For chronic toxicity to aquatic organisms a worst case scenario has to be adopted, because read-across was done with the most harmful substance (proved in acute aquatic toxicity studies) CAS-No. 110615 47 9, D-Glucopyranose, oligomeric, C10-16-alkyl glycosides. For fish a NOEC of 1.8 mg/L and for daphnia a NOEC of 1 mg/L was found.
Sediment toxicity, toxicity to terrestrial macroorganisms except arthropods and toxicity to terrestrial plants show a different pattern. For these organisms none of the category members shows any harmful effects (LC50 > 650 mg/kg for sediment toxicity, LC0 > 654 mg/kg for toxicity to terrestrial macroorganisms and terrestrial plants).
Despite the harmful effects to aquatic organisms there is no classification needed, because all category members are readily biodegradable and have a log Kow < 3.

Human toxicity
Alkyl polyglycosides have a common metabolic fate that involves hydrolysis of the ß-glycosidic bond to the fatty alcohol and glucose.
Glucose and glucose oligomers enter the carbohydrate metabolic pathway and are catabolised. Fatty alcohols, representing the main difference in the structure of different alkyl polyglycosides, are oxidized to the corresponding fatty acid and fed into physiological pathways like the citric acid cycle, sugar synthesis and lipid synthesis.

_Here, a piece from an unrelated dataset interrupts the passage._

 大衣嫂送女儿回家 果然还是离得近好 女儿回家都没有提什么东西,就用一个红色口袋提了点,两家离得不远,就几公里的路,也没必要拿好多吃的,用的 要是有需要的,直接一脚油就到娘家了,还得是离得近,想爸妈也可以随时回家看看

Since the category chemicals differ from each other only by the number of -CH2- units, the category is very homogenous and it is assumed that either each category member exhibits the same toxic mode of action or there will be an evident relationship between chain length and the toxicological properties.
Existing data indicate that the skin irritation potential increases with increasing chain length. An alkyl compound consisting of eleven carbon atoms thereby represents the breaking point for classification.

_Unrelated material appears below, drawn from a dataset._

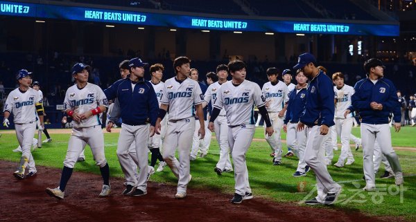 NC가 연장전 끝에 두산과 7-7 무승부를 기록한 뒤 선수들이 더그아웃으로 향하고 있다.

The eye irritation toxicity of the compounds in this category is predicted to require the labelling "risk of serious damage to eyes" (R41), since all tested alkyl polyglycosides display a severe eye irritating potential.

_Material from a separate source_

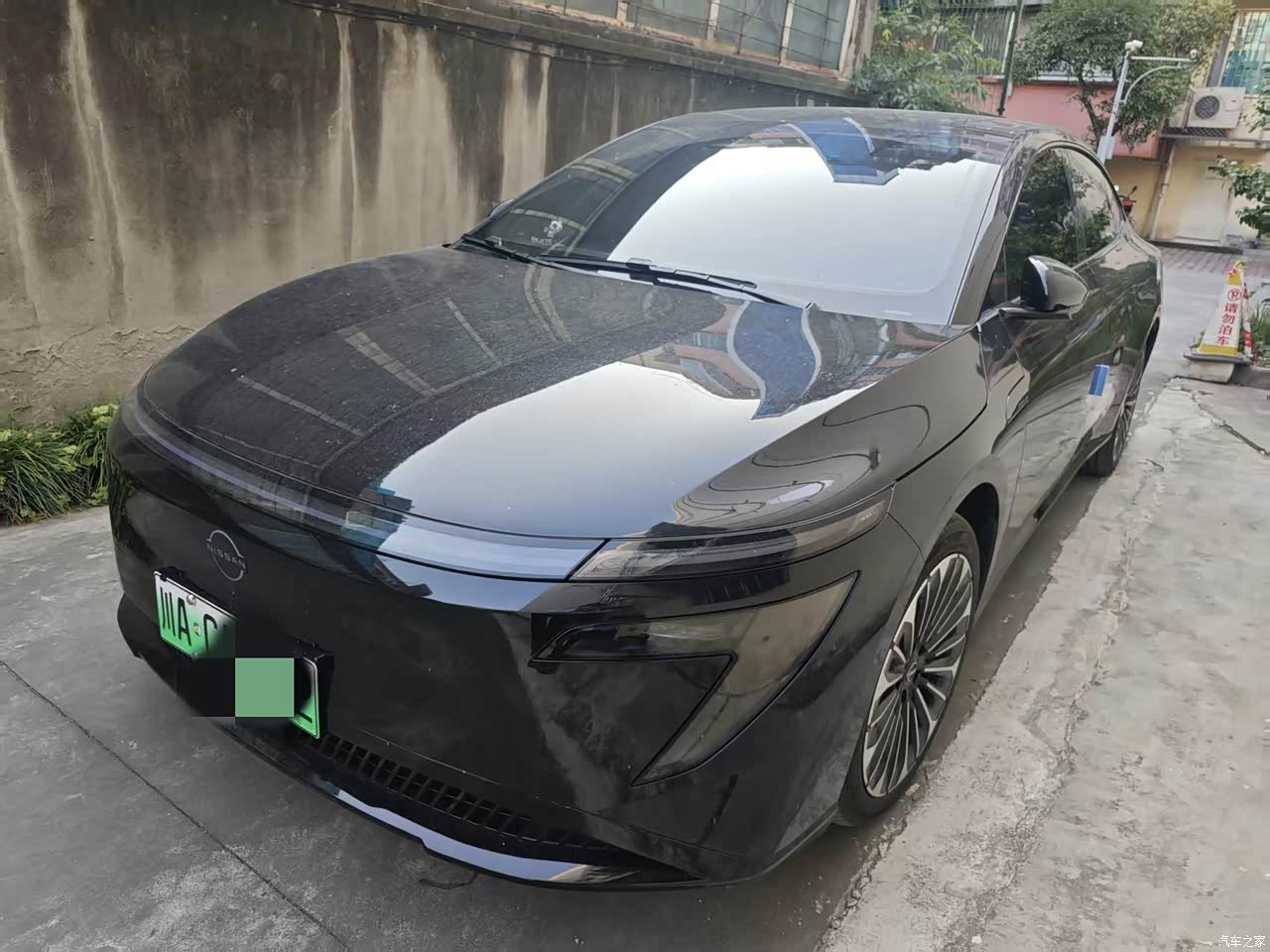 日产N7的造型走的是简约大气风,车身线条 流畅自然,没有那种花里胡哨的设计,但就 是看着很舒服,很耐看。我选的是黑色,像 黑武士一样,很帅,和车轮融为一体,就是 有些不耐脏。

The potential to provoke skin sensitization is considered to be very low, based on the known properties of the predictable metabolites as well as on the results of all tested category members covering a carbon chain range from C6 to C16.
The systemic toxicity of the compounds in this category is predicted to be very low, based on the known properties of the predictable metabolites (fatty acids and glucose).